Tuesday, January 8, 2013

No cliff for Municipal Bonds

With many Americans set to pay higher taxes, muni bonds could become an attractive investment.

In the eleventh hour of the first night of 2013, Congress passed legislation which, among tax increases and other items, left the municipal bond coupon tax-free and unscathed. As you undoubtedly know by now, the bill provides for extensions of the Bush era tax cuts and credits and permanently "patches" the Alternative Minimum Tax (AMT) going forward.

Personal income taxes for individuals with income over $400,000 and households over $450,000 will increase; as will taxes on dividends and capital gains for those investors. There will be much more debate to follow as Congress must address the deficit and debt ceiling in the coming months.

At this time, tax-free investors can exhale knowing that their tax-free income streams remain preserved as we roll off the second strong performance year in a row; the Barclays Municipal Bond Index returned 6.78% in 2012. With higher taxes coming for many Americans, tax-free coupon can make munis all the more desirable.

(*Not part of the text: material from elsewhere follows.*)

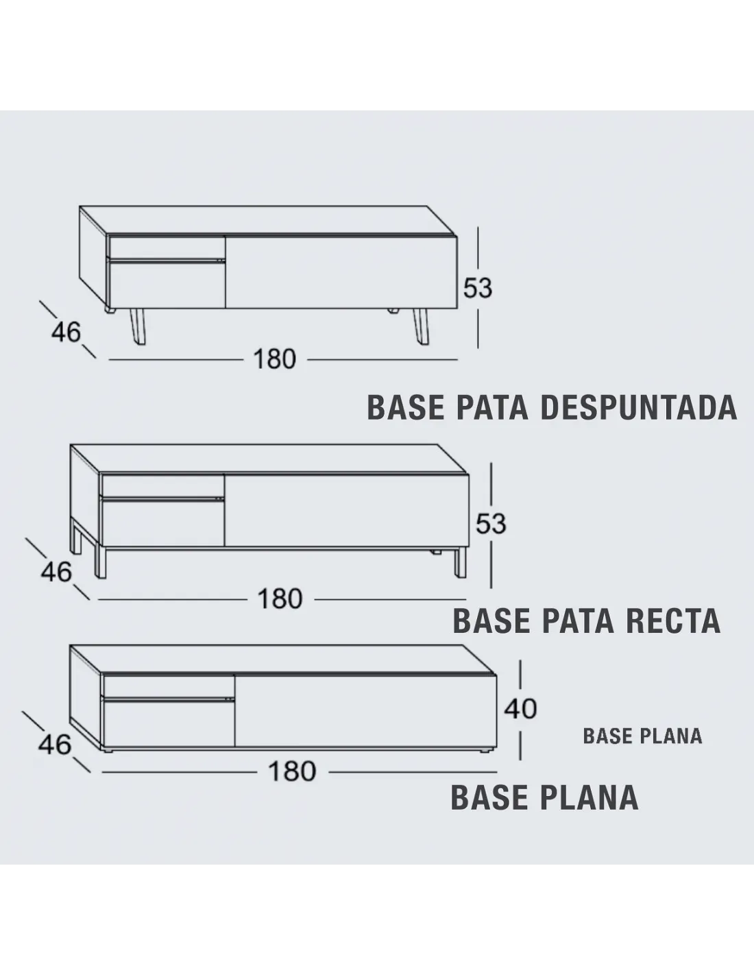 Este mueble TV de diseño moderno puede venir con la base despuntada, la recta o la base baja de 4 cm., cada una marcada a su precio. Además, se puede personalizar en dos series de colores, una de ellas son acabados barnizados y decapés y la colección de acabados lacados con un pequeño incremento de precio. Igualmente, puede optar por usar dos o más acabados para el mismo mueble.

Source:  James Col, Investment News

The information contained in this article does not constitute a recommendation, solicitation, or offer by D2 Capital Management, LLC or its affiliates to buy or sell any securities, futures, options or other financial instruments or provide any investment advice or service. D2, its clients, and its employees may or may not own any of the securities (or their derivatives) mentioned in this article.